Zain and I are pretty pumped that we finally started on our project. To begin, we made an oligo mix. The DNA template for the coding sequence of BpACR was delivered to us in 18 different oligonucleotide fragments. We mixed these fragments together so that each oligonucleotide had a concentration of 1uM.
FPLC of FtHap
We used the FPLC machine in the biotech lab to purify our FtHap protein. FPLC sorts proteins by size in a column filled with buffer and then dispenses about a mL of weight-sorted solution into many collection test tubes. The proteins are sorted through the G75 using "wuffle balls" which let heavy proteins flow through quickly but the smaller the protein the more it will get caught within the resin and as a result it is dispensed last by the FPLC machine. Figure 1. FPLC result of the purification of FtHap. The solid blue line represents the UV absorbance of the solution that was being dispensed into the collection tubes. The absorbance is low when there is only buffer being dispensed and it peaks when there are proteins which do absorb these wavelengths especially in the 280nm range. This absorbance is compared to a standard that is represented by the dotted blue line.
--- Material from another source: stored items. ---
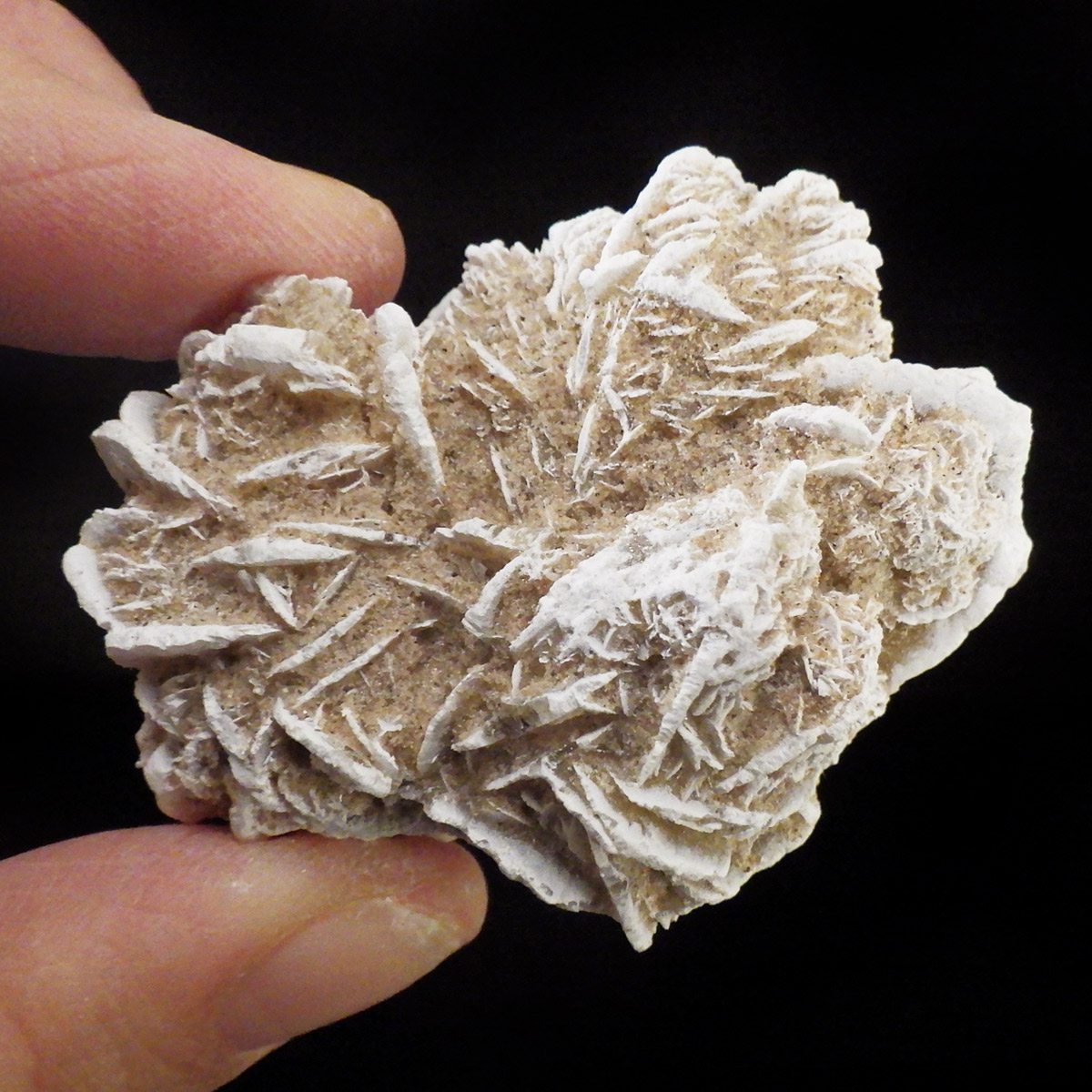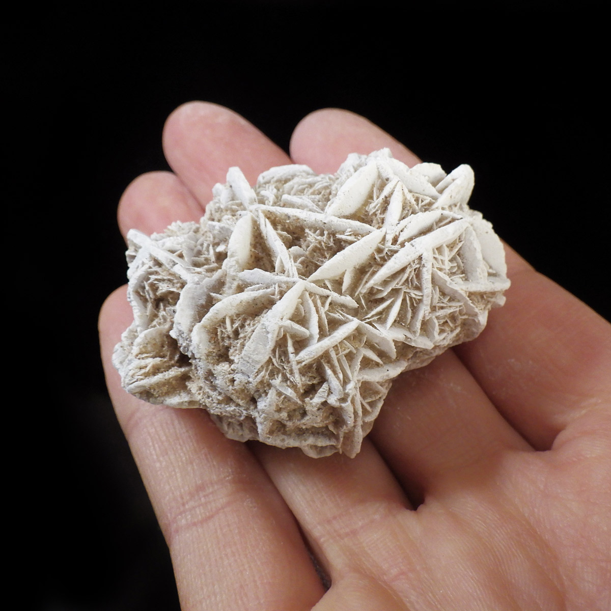 メキシコ産、デザートローズの原石です。手のひらに収まる大きさで形がかわいい結晶を厳選して集めました。デザートローズはジプサムを主成分とした砂漠で見つかる薔薇の花の形の結晶のことです。全体のフォルムとして見た目が丸っこく、細かいところまで織り成す結晶の美しさと神秘さが素敵です。
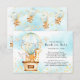 Lindos animais bebês aquarela passeio de balão de ar quente baby shower com um elefante, girafa, raposa e coelho para um chá de bebê menino. Vire nosso adorável cartão de trazer um livro para ver um verso coordenador para um toque especial.
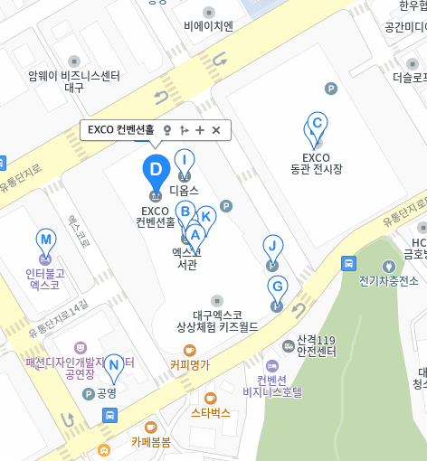 ์ง€๋„์—์„œ ๊ฒ€์ƒ‰ํ•  ๊ฒฝ์šฐ, EXCO ์ปจ๋ฒค์…˜ํ™€(๋Œ€๊ตฌ ๋ถ๊ตฌ ์—‘์Šค์ฝ”๋กœ 10)๋กœ ๊ฒ€์ƒ‰ํ•˜์‹œ๋ฉด ํ™•์ธ์ด ๊ฐ€๋Šฅํ•ฉ๋‹ˆ๋‹ค.
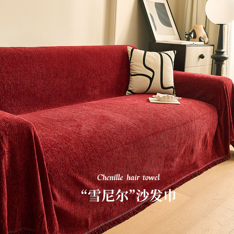 新年沙发盖布盖巾2025红色沙发巾防猫抓整张全盖安可拉红沙发套罩

There are three standards used create 3 peaks, one at kDa, 44kDa, and 25kDa respectively and these dotted peaks are used so that we can estimate the protein size of our purified protein which is represented by the solid line peaks. We can see in this picture there are about 3 solid peaks, these are all proteins but in order to find our FtHap protein we used the standard curve to determine that the highest peak(the 2nd peak) is our FtHap protein and the other peaks are either contamination or another protein. The red lines show in which tubes the purified protein was dispensed into, in this case tubes 31-36. This sample was collected for re-concentration and storage.
Designing and Ordering Tail Primers
We designed Tail primers for secondary PCR of our oligo mix. We will use these tail primers to amplify our coding DNA sequence for our protein, BpACR.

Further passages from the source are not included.